Selkoe was emboldened this past September to help form the Boston Night Life Coalition (BNLC) — a group of at least eight business interests that are outraged by, among other entertainment industry-related issues, the liquor-licensing process. A Jamaica Plain–born gadfly, Selkoe remains the lone high-profile dissenter who will vocally lambaste Menino — though the fact that powerful folks are rallying alongside him (and endorsing the mayor’s first serious opponent in 16 years in their literature, no less) is unprecedented in this municipal monarchy’s recent history.

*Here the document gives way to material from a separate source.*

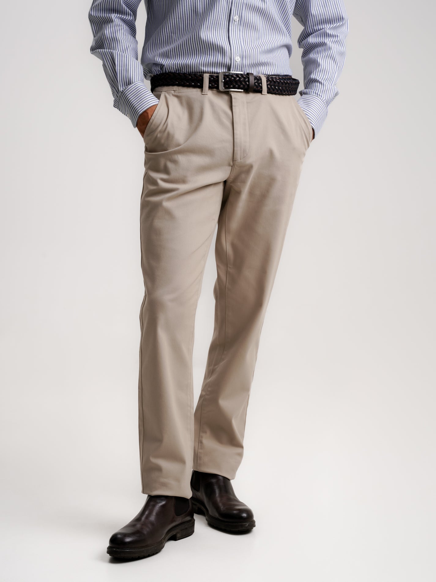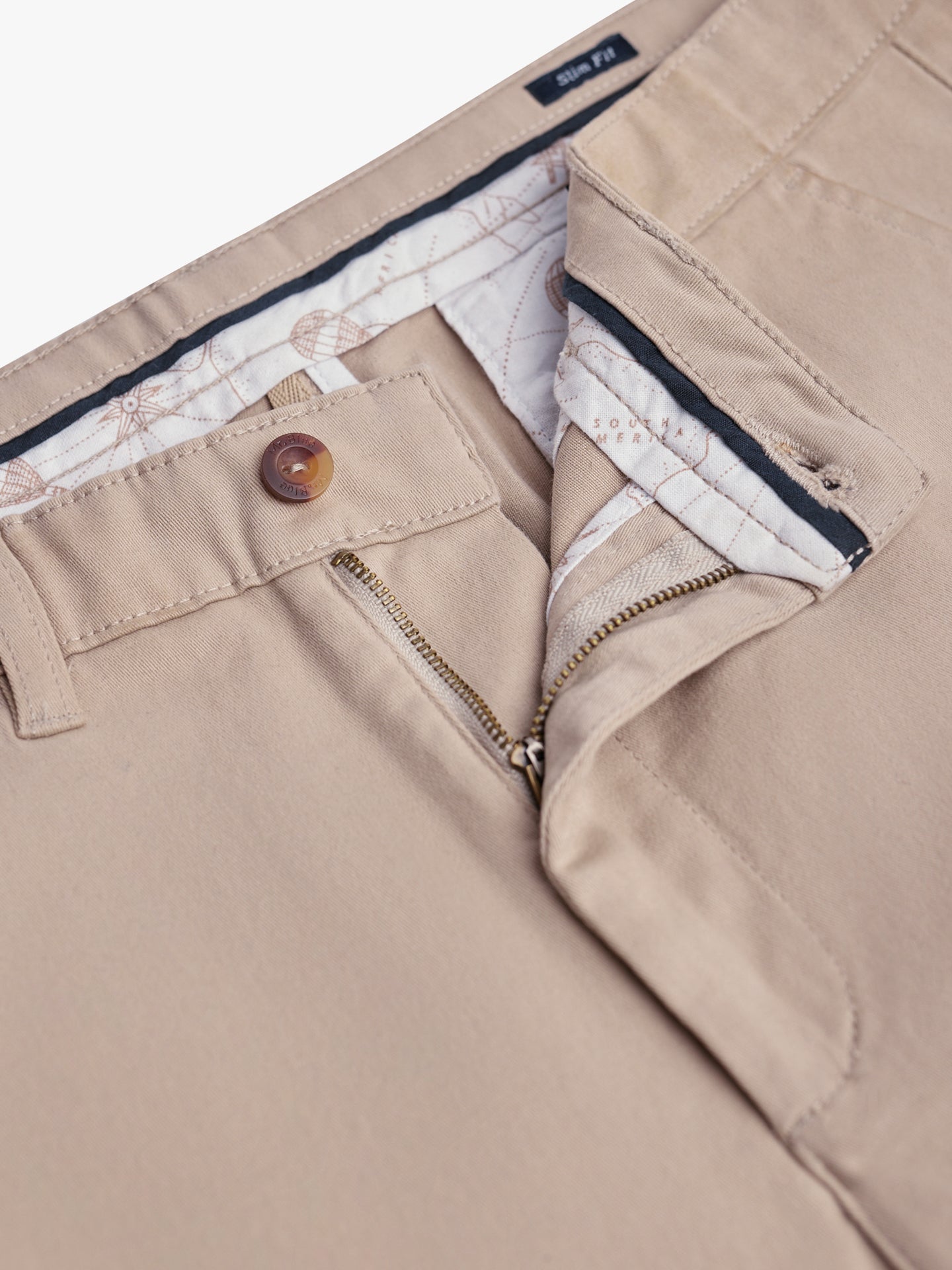 Calças Chinos Slim Fit Twill Beges De Algodão Lisas

Before founding karmaloop.com and transforming his boutique into the Web’s leading street-wear retail hub, Selkoe was a Boston Redevelopment Authority (BRA) planner, who in that capacity met with Menino to discuss housing policy every Monday. The Harvard-educated then–bureaucrat neophyte was stunned by City Hall’s top-down infrastructure. “At the BRA, I did recommendations to the board of appeals,” recalls Selkoe, “and we would always get calls requesting zoning relief for the mayor’s friends and neighbors. Those weekly meetings were both surreal and ridiculous — like everybody tip-toeing around a king. There was no common respect at that table. It was all about how we were going to please this guy.”
Along with BNLC promoters — including Jon Regan of Future Classic and Ace Gershfeld of 6one7 — Selkoe is pushing for changes that he’s certain won’t happen under a Menino administration; he says Menino approaches nightlife with the mentality that few good things happen after midnight. Among the group’s wishes: later closing times, extended T service, increased arts funding, and more late-night dining options.
“There can be a better nightlife in Boston and less issues with neighbors if there was a real dialogue,” says Selkoe, who stresses that Flaherty has made no promises to BNLC operatives. “Instead of just assuming that it’s a bunch of yahoos beating each other up, it’s important to work with the nightlife community. But for now it’s an adversarial position.”